Ketika virus berhasil masuk ke dalam sel host tanaman, maka akan melebarkan plasmodesmata. Melebarnya
plasmodesmata akan menyediakan ruang penyebaran bagi partikel virus dan mengeluarkan genomnya. Gejalagejala yang sering muncul pada tanaman ketika telah terinfeksi oleh virus bergantung pada mutasinya. Virus
tanaman mengkode pergerakan protein virus yang akan membentuk chanel pada plasmodesmata dan
memfasilitasi transmisi genom virus pada sel.
c. Infeksi pada bakteri
Bakteri memiliki dinding sel yang kuat dimana keberadaan dinding sel tersebut berperan sebagai salah satu
bentuk pertahanan bakteri terhadap infeksi oleh virus. Bakteriofag (virus penginfeksi bakteri) pada umumnya
akan menempel pada dinding sel bakteri karena adanya interaksi antara virus dengan reseptor sel host yang
dapat berada pada pili, flagel ataupun kapsul. Tidak semua bakteriofag berekor menempel pada dinding sel,
beberapa di antaranya phage (chi) dan PBSI menempel pada flagel. Ujung ekor bakteriofag memiliki fiber.

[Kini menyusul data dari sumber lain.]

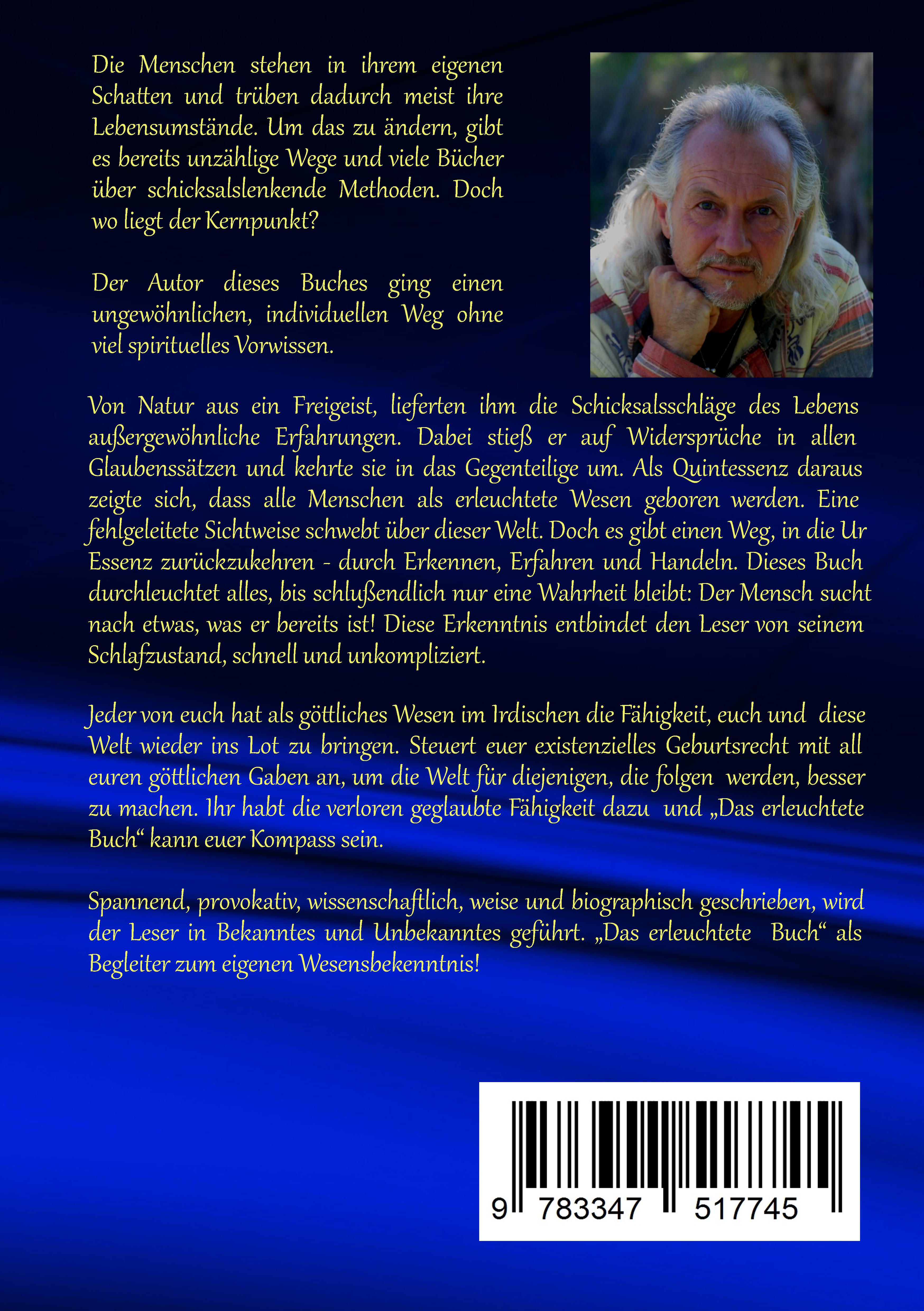 Die Menschen stehen in ihrem eigenen Schatten und trüben dadurch meist ihre Lebensumstände. Um das zu ändern, gibt es bereits unzählige Wege und viele Bücher über schicksalslenkende Methoden. Doch wo liegt der Kernpunkt? Der Autor dieses Buches ging einen ungewöhnlichen, individuellen Weg ohne viel spirituelles Vorwissen. Von Natur aus ein Freigeist, lieferten ihm die Schicksalsschläge des Lebens außergewöhnliche Erfahrungen. Dabei stieß er auf Widersprüche in allen Glaubenssätzen und kehrte sie in das Gegenteilige um. Als Quintessenz daraus zeigte sich, dass alle Menschen als erleuchtete Wesen geboren werden. Eine fehlgeleitete Sichtweise schwebt über dieser Welt. Doch es gibt einen Weg, in die Ur-Essenz zurückzukehren - durch Erkennen, Erfahren und Handeln. Dieses Buch durchleuchtet alles, bis schlussendlich nur eine Wahrheit bleibt: Der Mensch sucht nach etwas, was er bereits ist! Diese Erkenntnis entbindet den Leser von seinem Schlafzustand, schnell und unkompliziert. Jeder von euch hat als göttliches Wesen im Irdischen die Fähigkeit, euch und diese Welt wieder ins Lot zu bringen. Steuert euer existenzielles Geburtsrecht mit all euren göttlichen Gaben an, um die Welt für diejenigen, die folgen werden, besser zu machen. Ihr habt die verloren geglaubte Fähigkeit dazu und "Das erleuchtete Buch" kann euer Kompass sein.Spannend, provokativ, wissenschaftlich, weise und biographisch geschrieben, wird der Leser in Bekanntes und Unbekanntes geführt. "Das erleuchtete Buch" als Begleiter zum eigenen Wesensbekenntnis!

Bakteriofag lainnya dapat menempel pada kapsul ataupun pili. Bakteriofag dengan materi genetik berupa DNA
menempel pada ujung pili, sedangkan sebagian besar bakteriofag dengan materi genetik berupa RNA sperikal
menempel pada sepanjang pili. Ekor bakteriofag kontraktil dan tersusun atas 24 lingkaran subunit yang
mengeliling bagian core. Setiap lingkaran tersusun atas subunit besar dan kecil. Bagian core ekor tidak bersifat
kontraktil dan adanya kontraksi pada bagian kepala menyebabkan virus dapat menginjeksikan DNAnya pada sel
host. Proses tersebut dibantu oleh aktivitas lisozim yang terdapat pada bagian ekor bakteriofag. Pada bagian
sheath (selubung) terdapat 144 molekul ATP dan ketersediaan energi virus ini berasal dari konversi ATP
menjadi ADP. Mekanisme masuknya bakteriofag ke dalam sel bakteri dapat dicontohkan pada phage T4. Bagian
pin ekor bakteriofag akan berikatan dengan dinding sel, kemudian sheath mengalami pemanjangan. Bagian
sheath ekor berkontraksi dan core bakteriofag mempenetrasi dinding sel melalui aktivitas lisozim.

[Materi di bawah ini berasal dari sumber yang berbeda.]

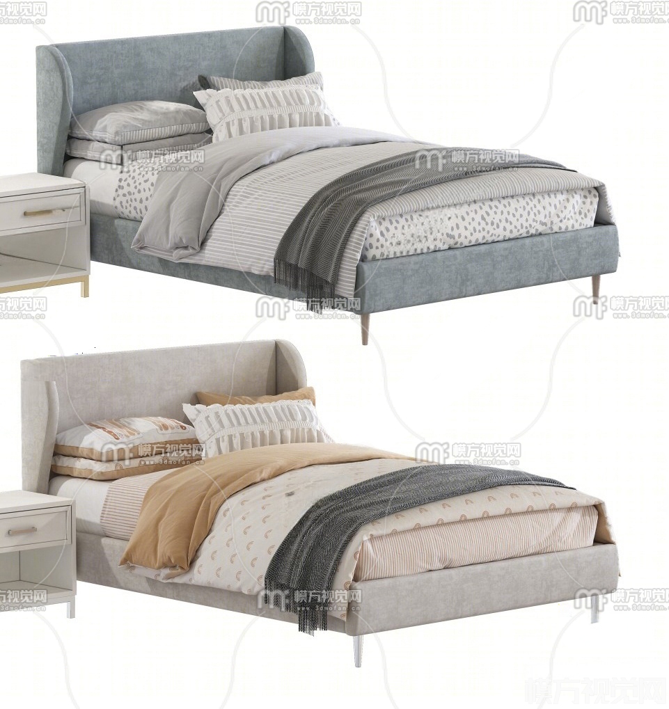现代布艺单人床3D模型(ID:0033181)

d. Pencegahan tahapan awal infeksi virus
Pencegahan tahapan awal infeksi virus dapat dilakukan dengan menghambat proses attachment virus ke
dalam sel host melalui senyawa yang berperan sebagai antivirus. Beberapa senyawa yang digunakan antara lain
plecnaril, antibodi, enfuvirtide dan zanamivir. Pleconaril dapat dimanfaatkan untuk penanganan infeksi
picornavirus dengan mengikat pocket hidrofobik pada virion sehingga reseptor akan dikenali. Penggunaan
antibodi sebagai virus dapat dimanfatkan pada semua virus yang mana antibodi ini bekerja dengan mekanisme
netralisasi, yaitu dengan mengikat permukaan virion dan menghindari infeksi.
2. Replikasi Genom Virus

Mekanisme replikasi genom virus di dalam sel host dibedakan berdasarkan klasifikasi Baltimore.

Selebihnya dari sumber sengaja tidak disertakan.